Converting PDFs to Text While Preserving Layout on Linux
Many PDF-to-text conversions strip away formatting and spatial relationships, making tables unreadable and multi-column layouts collapse into linear text. If you need to preserve the relative positions of text elements—especially tables, columns, and indentation—you have several solid options.
pdftotext with layout preservation
The simplest approach is pdftotext, which comes with most distributions as part of the Poppler utilities package:
pdftotext -layout file.pdf file.txt
The -layout flag tells pdftotext to maintain the original physical layout as closely as possible, preserving column structure, spacing, and text positioning. Without it, the tool would “undo” the layout and output text in reading order instead.
You can also combine -layout with other useful options:
# Preserve layout and use a specific encoding
pdftotext -layout -enc UTF-8 file.pdf file.txt
# Extract only a range of pages
pdftotext -layout -f 1 -l 5 file.pdf file.txt
# Extract with physical page breaks preserved
pdftotext -layout -eol dos file.pdf file.txt
The -eol flag controls line ending style (unix, dos, or mac). For multi-column PDFs, -layout generally works well, though the output quality depends on how the PDF was structured internally.
Alternative: pdftohtml
For more complex documents or when you need better structure preservation, convert to HTML first, then extract text:
pdftohtml -c file.pdf file.html
# Then convert HTML to text with a tool like lynx or w3m
lynx -dump -nolist file.html > file.txt
This approach captures more semantic structure than direct PDF-to-text conversion.
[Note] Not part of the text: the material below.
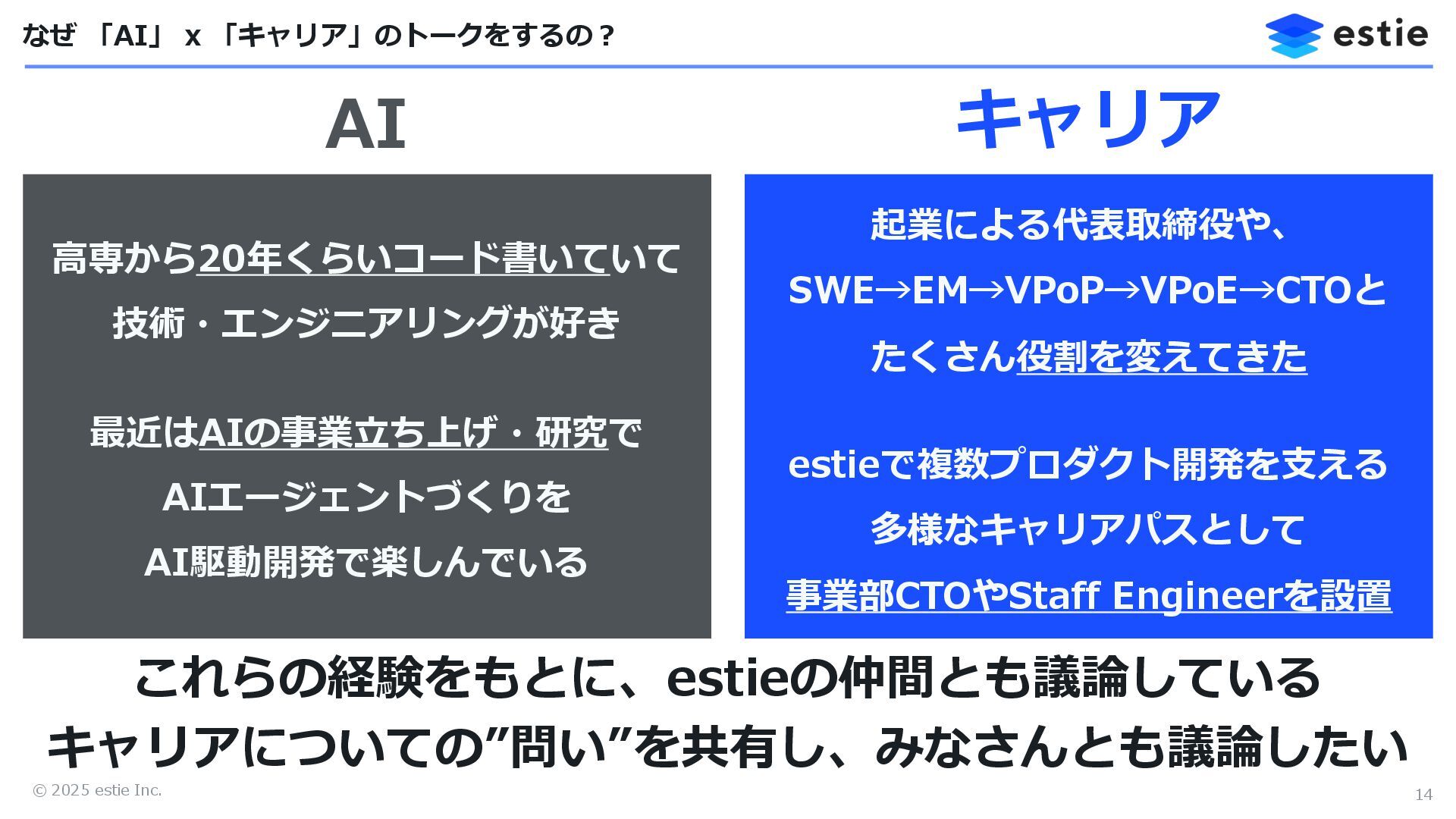 © 2025 estie Inc. なぜ 「AI」 x 「キャリア」のトークをするの︖ 14 キャリア

Using pandoc for better formatting
Pandoc handles PDF conversion with good layout preservation and can output to multiple formats:
# Convert PDF to plain text with layout
pandoc file.pdf -t plain -o file.txt
# Convert to Markdown for better structure preservation
pandoc file.pdf -t markdown -o file.md
Pandoc often produces cleaner output for documents with consistent formatting.
Handling scanned PDFs
If your PDF contains scanned images rather than embedded text, you’ll need OCR:
# Install tesseract if not already present
sudo apt install tesseract-ocr
# Extract text with layout preservation
tesseract file.pdf file -l eng pdf
This generates both file.txt and file.pdf (the latter with embedded OCR text).
Testing and validation
Always verify the output on a sample before batch-processing:
# Test on first page only
pdftotext -layout -f 1 -l 1 file.pdf test.txt
cat test.txt
Check that tables remain aligned, column spacing is preserved, and multi-column layouts haven’t collapsed. If the output is poor, try the HTML conversion route or pandoc instead.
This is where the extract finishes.